Working with SQL in Kedro

This page outlines the various approaches and recommended practices when building a Kedro pipeline with SQL databases.

Key concepts and assumptions

When working with SQL databases in Kedro, it’s helpful to keep the following concepts front of mind.

1. Storage vs. Execution

  • You can treat a SQL database purely as a data sink/source, or

  • Leverage the database engine’s compute power whenever possible.

2. CRUD Scope

  • Kedro handles the parts of CRUD which do not require some concept of “state.”

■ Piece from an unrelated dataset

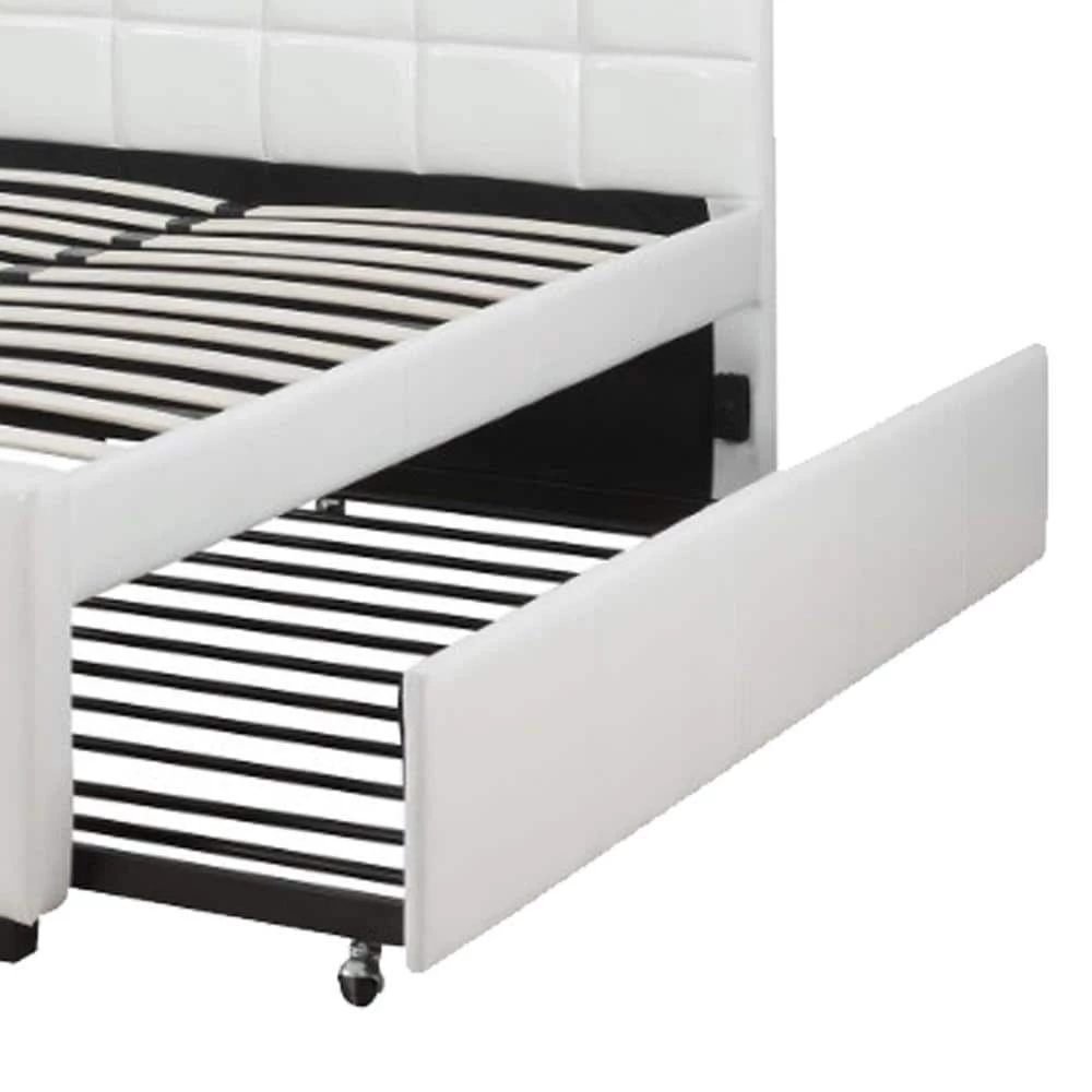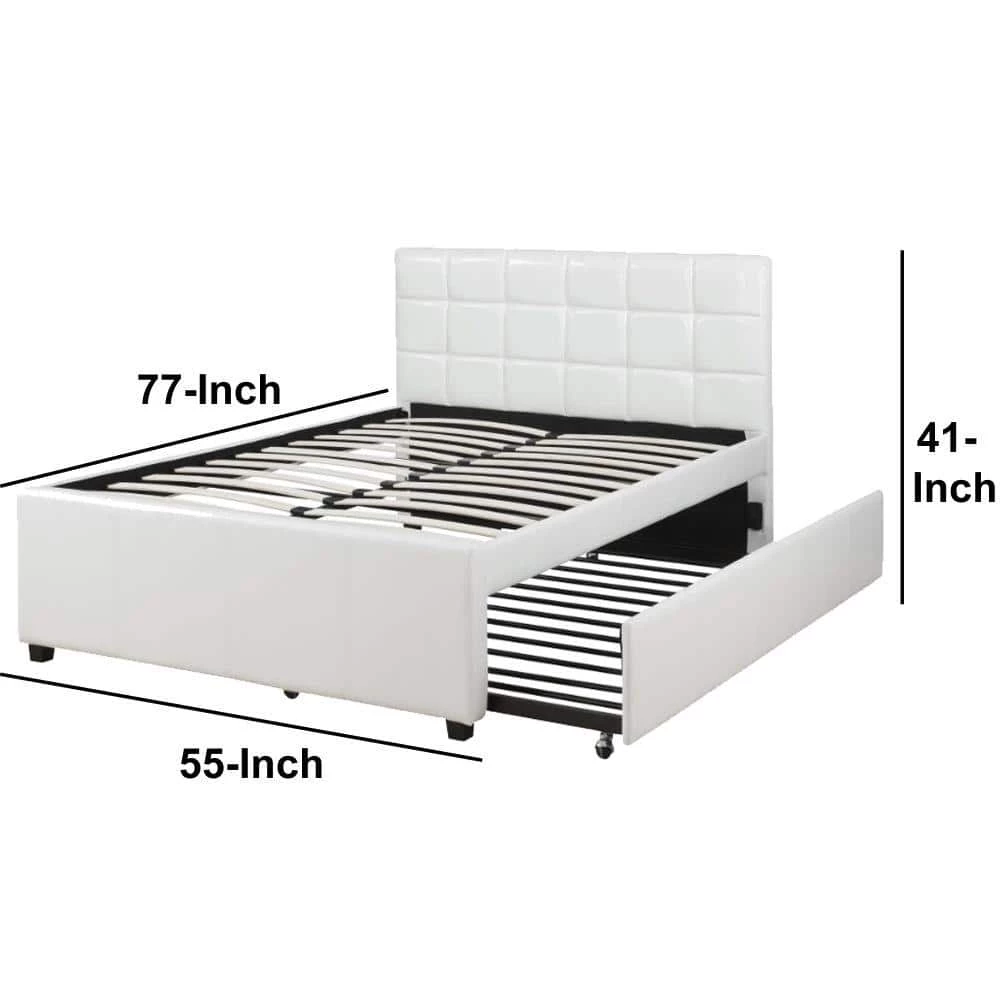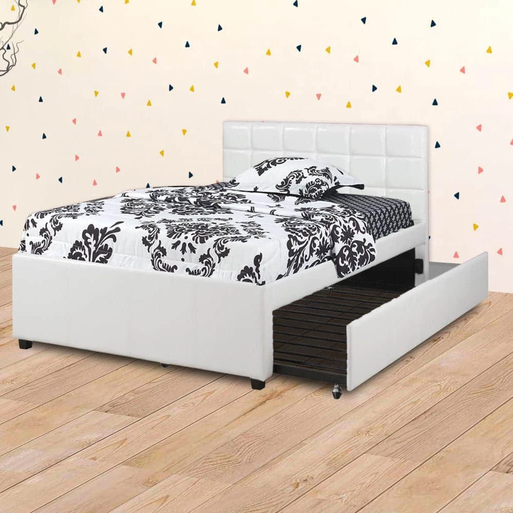 Great amalgamation of style and function its a pragmatic furniture graced with beauty and practicality. Made of solid wood and white cushioned upholstered faux leather on the headboard, this bed is a graceful presence in your bedroom space. It also includes a lower trundle with extra sleeping space for a guest. It does not include any other featured product other than a bed frame.

  • Kedro’s genesis centred around reproducible science, not operational concepts like backfills.

Operation

Supported?

Notes

Create

Writing new tables (or views)

Read

Loading data into DataFrames or Ibis expressions

Update

Requires custom SQL outside Kedro’s DAG; breaks lineage

Delete

Same as Update—avoid for full reproducibility

3. DataFrame-centric

  • Kedro’s DAG and built-in datasets are optimised around Python DataFrames.

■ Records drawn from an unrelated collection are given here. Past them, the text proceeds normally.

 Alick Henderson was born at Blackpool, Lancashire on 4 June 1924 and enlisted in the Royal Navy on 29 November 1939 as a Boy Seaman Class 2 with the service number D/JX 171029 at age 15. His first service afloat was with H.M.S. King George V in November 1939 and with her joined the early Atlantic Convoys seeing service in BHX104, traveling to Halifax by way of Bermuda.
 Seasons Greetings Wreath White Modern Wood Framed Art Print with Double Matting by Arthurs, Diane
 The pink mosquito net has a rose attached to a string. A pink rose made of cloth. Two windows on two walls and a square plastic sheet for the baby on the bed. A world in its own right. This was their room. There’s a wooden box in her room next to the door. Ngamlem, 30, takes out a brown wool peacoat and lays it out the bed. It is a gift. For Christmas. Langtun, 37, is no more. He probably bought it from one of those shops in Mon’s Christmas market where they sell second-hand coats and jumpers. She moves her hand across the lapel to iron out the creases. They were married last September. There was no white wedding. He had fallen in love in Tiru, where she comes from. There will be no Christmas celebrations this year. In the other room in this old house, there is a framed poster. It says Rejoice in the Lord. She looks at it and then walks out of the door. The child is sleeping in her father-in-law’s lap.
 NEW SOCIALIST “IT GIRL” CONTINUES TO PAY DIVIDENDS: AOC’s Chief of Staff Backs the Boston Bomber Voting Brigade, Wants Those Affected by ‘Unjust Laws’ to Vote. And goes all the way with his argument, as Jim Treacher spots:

  • Embedding complex SQL scripts reduces visibility into dependencies and hinders reproducibility. See Delta Lake integration guide for more on handling UPSERT/MERGE like operations.

4. Reproducibility & injection risk

  • Raw SQL strings can bypass Kedro’s topological sorting and introduce SQL-injection vulnerabilities.

  • Prefer testable, Pythonic expression APIs (Ibis, Spark) over raw SQL queries.

Approaches

Approach

Status

Setup Complexity

Pandas SQL

Legacy

Minimal

Spark-JDBC

Legacy

High (JVM/cluster)

Ibis

Modern

Minimal


1. Pandas SQL (legacy)

events_data:
  type: pandas.SQLQueryDataSet
  sql: SELECT * FROM events WHERE date > '2025-01-01'
  credentials: sql_creds
  • Mechanism Wraps pd.read_sql_query/table and pd.DataFrame.to_sql.

  • Pros

    • No extra services or JVM

    • Pandas-native

  • Cons

    • Loads full tables in memory

    • Bypasses database optimizations

    • Hard to parameterise/test

    • Potential cost/security on large dumps


2. Spark-JDBC (legacy)

sales_data:
  type: spark.JDBCDataset
  table: sales
  credentials: jdbc_creds
  • Mechanism Spark’s DataFrame API over JDBC. Leverages predicate pushdown so filters/projections occur in-database.

  • Pros

    • Distributed, lazy compute

    • Leverages cluster power

  • Cons

    • JVM + Spark cluster required

    • Overkill for smaller workloads


3. Ibis (modern)

ibis_orders:
  type: ibis.TableDataset
  backend: snowflake
  credentials: snowflake_creds
  table: orders
  save_args:
    materialized: table
    database: my_db.DEV
  • Mechanism Python expression trees → compiled SQL at runtime.

  • Key highlights

    • SQLGlot translation across 20+ engines

    • Support for extensions (DuckDB geospatial, PostGIS, Snowflake UDFs and more)

    • Full lazy push-down (filters, joins, aggregates)

    • Pluggable materialization (table/view/CTE)

    • No JVM/Spark overhead

    • In-memory/mock backends for testing

  • Pros

    • Consistent API everywhere

    • Retains engine optimizations

    • Excellent testability & reproducibility

  • Cons

    • Some backends may miss niche SQL operations

    • Migration effort for legacy pipelines may not justify moving functional code, prioritise new pipelines / projects

Warning

Consult the Ibis support matrix to verify that needed SQL functions are available. You can still write raw SQL for missing features.

Limitations and key design decisions

More broadly, there are some wider limitations to be aware of when working with Kedro & SQL:

  • No conditional branching Kedro does not support conditional nodes, making UPSERT logic difficult. Kedro favors reproducibility with append & overwrite modes over in-place updates/deletes.

  • When to seek SQL-first alternatives If your workflow is entirely SQL, tools like dbt or SQLMesh offer richer lineage and transformation management than Kedro’s Python-centric approach.